Over 50% of U.S. cropland is rented (2022 Census of Agriculture); that is expected to grow. Only the strongest operators will remain as landowners, while others transition to tenant farming with reduced equity-building opportunities.

This turnover in land ownership will mainly occur via generational transfers — from farming families to heirs who may no longer be bound to the land’s legacy. These inheritance-driven transitions will fundamentally reshape rural America’s ownership patterns, often favoring rental arrangements over continued family farming operations.

For farmers, immediate priorities include maximizing operational efficiency through technology, securing flexible rental agreements and building cash reserves for the inevitable land price correction. The bigger question is: Can policymakers, lenders and farmers navigate this transition while maintaining productive capacity and preserving rural communities?

It’s time to get to work, as the math doesn’t lie, and this transformation has begun.

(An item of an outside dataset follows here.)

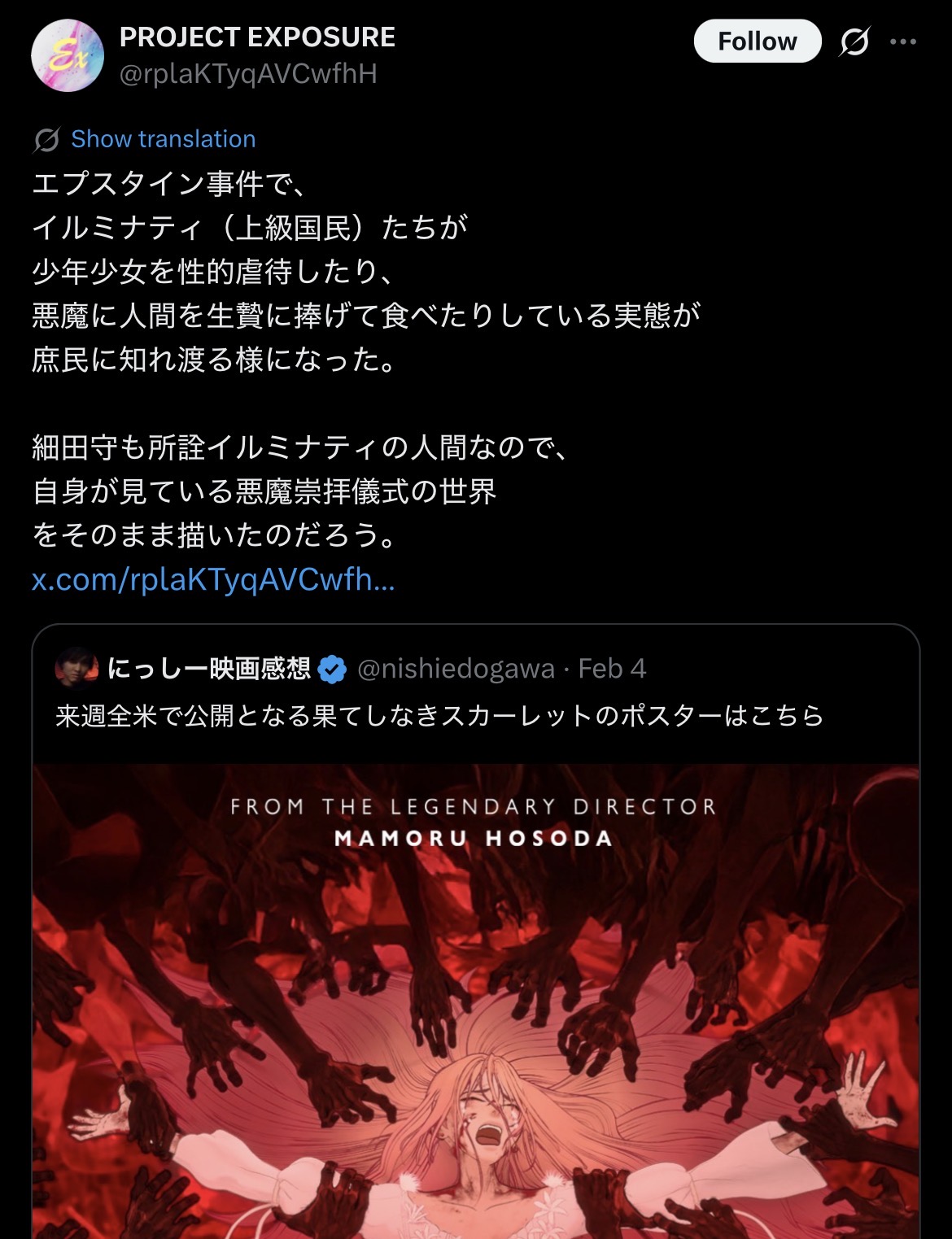 | … | 5無念Nameとしあき26/02/05(木)20:52:09No.1385144675+海外勢をエロで騙すのかね細田君…見損なったぞ |

Author’s Note: As of this article’s writing, the Fed had not held its September meeting. In August, it indicated that a .025% rate cut might be forthcoming; rates would still be 2.5 percentage points higher (161%) than before the pandemic.


Steve Cubbage is a precision ag consultant and farmer from Nevada, Mo. He is the founder of Longitude 94, an agriculture sustainability and technology consulting business.